SOURCE MATERIAL: Begin

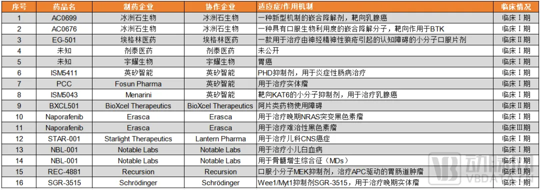 同时,上述企业新增16条管线/适应症,与停止或被撤下的管线数量持平。这些管线中,有近一半管线来自于中国持股的AI制药企业,英矽智能、埃格林医药、冰洲石生物、剂泰医药(晶泰科技持股)占据了其中的7席。
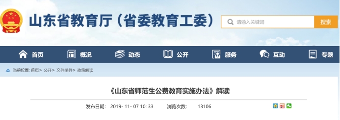 相关文件:《山东省师范生公费教育实施办法》、《<山东省师范生公费教育实施办法>解读》
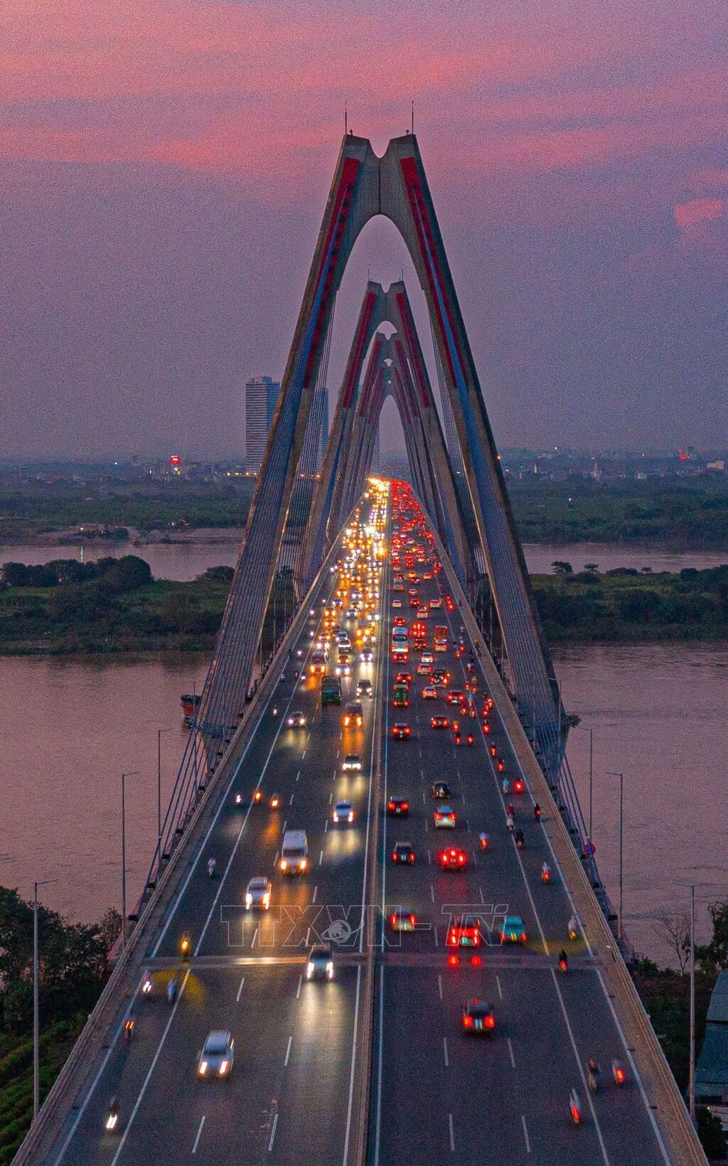 Về đêm với hơn 1.000 đèn LED đổi màu, cầu Nhật Tân khoác lên diện mạo lung linh, như những cánh tay đón chào khách quốc tế. Không gian dưới chân cầu gắn liền với làng đào Nhật Tân - nơi lưu giữ Tết cổ truyền tạo nên sự giao thoa giữa truyền thống và hiện đại, giữa thiên nhiên và công nghệ.

SOURCE MATERIAL: End

## BRIEF
From the line containing "相关文件:《山东省师范生公费" down to the end of the data above, reproduce each line exactly; no pictures.

## ANSWER
 相关文件:《山东省师范生公费教育实施办法》、《<山东省师范生公费教育实施办法>解读》
 Về đêm với hơn 1.000 đèn LED đổi màu, cầu Nhật Tân khoác lên diện mạo lung linh, như những cánh tay đón chào khách quốc tế. Không gian dưới chân cầu gắn liền với làng đào Nhật Tân - nơi lưu giữ Tết cổ truyền tạo nên sự giao thoa giữa truyền thống và hiện đại, giữa thiên nhiên và công nghệ.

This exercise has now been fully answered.